03 7 min read Guide

Does waterproofing have to meet an Australian Standard?

Yes. Internal wet areas are waterproofed to AS 3740 and external above-ground areas to AS 4654, and in Queensland it is a licensed trade. What each Standard requires, why a quote that names it is one you can check, and who can issue the compliance certificate.

Waterproofing is not a finish you choose for the look. It is the layer that keeps water out of the building, and it is governed by Australian Standards that say exactly how it has to be done. The trouble is that most quotes treat the Standard as a footer, or leave it off entirely. Here is what it means for your job.

AS 3740 inside, AS 4654 outside

Inside a wet area, the rules are set by AS 3740. It covers where the membrane has to go and how far up: the shower floor and walls to a set height, the upturns at every wall-to-floor junction, bond breakers at the corners, and a fall to the waste. Outside, on a balcony, a deck or a roof, the rules are set by AS 4654. The big extra there is exposure and drainage: the fall to drain, the upturns and a membrane rated to take sun, rain and movement.

Why the Standard is the honest part of the quote

A quote named to the Standard is one you can check. A vague lump sum is one you have to trust. The Standard is how you tell a licensed specialist from a handyman who also does waterproofing.

The certificate, and who can issue it

A compliant job is flood-tested and certified, and in Queensland a licensed waterproofer is the one able to provide that certificate. It matters for your builder, your insurer and any future sale. We build to AS 3740 or AS 4654, name the system and the coats on the quote, test the work, and hand the certificate over with the warranty.

Ask this, exactly

“Which Standard does my job have to meet, AS 3740 or AS 4654, and will you flood-test it and issue the compliance certificate?”
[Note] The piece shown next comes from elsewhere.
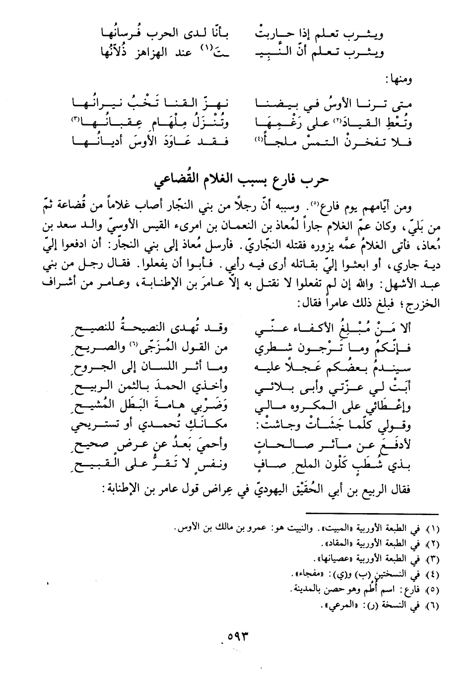 وَمِنْ أَيَّامِهِمْ يَوْمُ فَارِعٍ. وَسَبَبُهُ أَنَّ رَجُلًا مِنْ بَنِي النَّجَّارِ أَصَابَ غُلَامًا مِنْ قُضَاعَةَ ثُمَّ مِنْ بَلِيٍّ، وَكَانَ عَمُّ الْغُلَامِ جَارًا لِمُعَاذِ بْنِ النُّعْمَانِ بْنِ امْرِئِ الْقَيْسِ الْأَوْسِيِّ وَالِدِ سَعْدِ بْنِ مُعَاذٍ، فَأَتَى الْغُلَامُ عَمَّهُ يَزُورُهُ فَقَتَلَهُ النَّجَّارِيُّ. فَأَرْسَلَ مُعَاذٌ إِلَى بَنِي النَّجَّارِ: أَنِ ادْفَعُوا إِلَيَّ دِيَةَ جَارِي أَوِ ابْعَثُوا إِلَيَّ بِقَاتِلِهِ أَرَى فِيهِ رَأْيِي. فَأَبَوْا أَنْ يَفْعَلُوا. فَقَالَ رَجُلٌ مِنْ بَنِي عَبْدِ الْأَشْهَلِ: وَاللَّهِ إِنْ لَمْ تَفْعَلُوا لَا نَقْتُلُ بِهِ إِلَّا عَامِرَ بْنَ الْإِطْنَابَةِ، وَعَامِرٌ مِنْ أَشْرَافِ الْخَزْرَجِ، فَبَلَغَ ذَلِكَ عَامِرًا فَقَالَ:

The Standard is named on every honest waterproofing quote. If it is missing, the system, the coats and the test usually are too.

Common questions

Which Australian Standard applies to my job?
Internal wet areas like bathrooms, ensuites and laundries are waterproofed to AS 3740. External above-ground areas like balconies, decks and roofs are waterproofed to AS 4654. Below-ground tanking for basements and retaining walls is a separate discipline again. We name the Standard your job has to meet on the quote.
Is waterproofing a licensed trade in Queensland?
Yes. Waterproofing of wet areas in Queensland is a licensed trade, and a licensed waterproofer is the one able to issue the compliance certificate. We hold a QBCC licence and carry public liability insurance, and we hand the certificate over with the warranty so your renovation signs off cleanly.
What does the Standard actually require?
It sets the things a glance cannot check: the number of coats, the bond breakers at the junctions, the upturn heights, and the fall to the waste so water leaves. A compliant job is also flood-tested. Most failures we get called to skipped one of these, which is why naming the Standard matters.